Segment Start: Record excerpts

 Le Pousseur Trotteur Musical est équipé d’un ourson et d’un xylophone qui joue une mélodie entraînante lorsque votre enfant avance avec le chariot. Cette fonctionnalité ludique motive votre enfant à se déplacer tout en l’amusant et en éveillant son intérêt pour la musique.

Segment End: Record excerpts
Segment Start: Record excerpts

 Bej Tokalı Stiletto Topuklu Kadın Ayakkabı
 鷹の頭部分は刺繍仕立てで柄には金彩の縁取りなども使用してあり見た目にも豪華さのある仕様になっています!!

Segment End: Record excerpts
Segment Start: Record excerpts

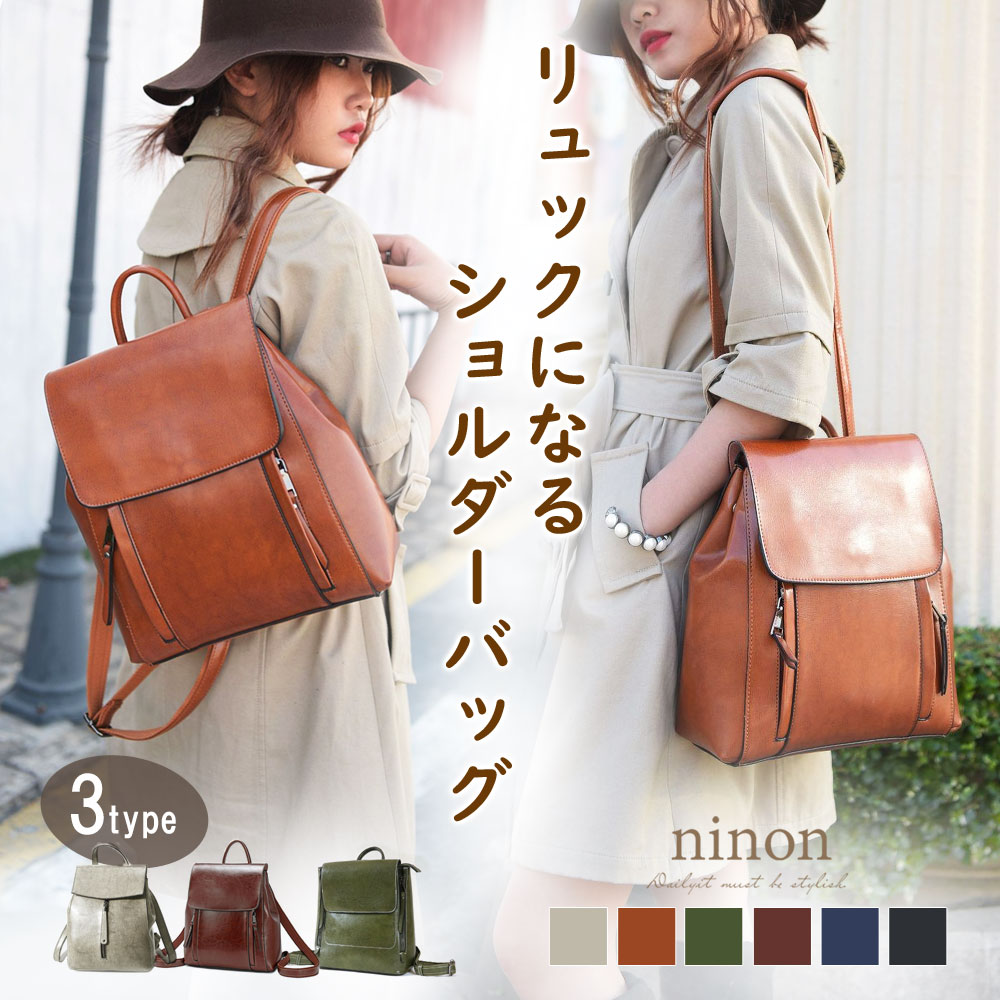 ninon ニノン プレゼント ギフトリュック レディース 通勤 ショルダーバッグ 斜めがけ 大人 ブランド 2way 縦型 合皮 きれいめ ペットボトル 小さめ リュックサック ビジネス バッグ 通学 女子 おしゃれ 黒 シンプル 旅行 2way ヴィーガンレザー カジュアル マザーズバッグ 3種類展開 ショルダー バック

Segment End: Record excerpts

• [Instructions to follow]: Please give back exactly the lines of the listing above that run from the one containing "Bej Tokalı Stiletto Topuklu Kadın Ayakkabı" through the one containing "鷹の頭部分は刺繍仕立てで柄に", and only those.

• [Written response]:
 Bej Tokalı Stiletto Topuklu Kadın Ayakkabı
 鷹の頭部分は刺繍仕立てで柄には金彩の縁取りなども使用してあり見た目にも豪華さのある仕様になっています!!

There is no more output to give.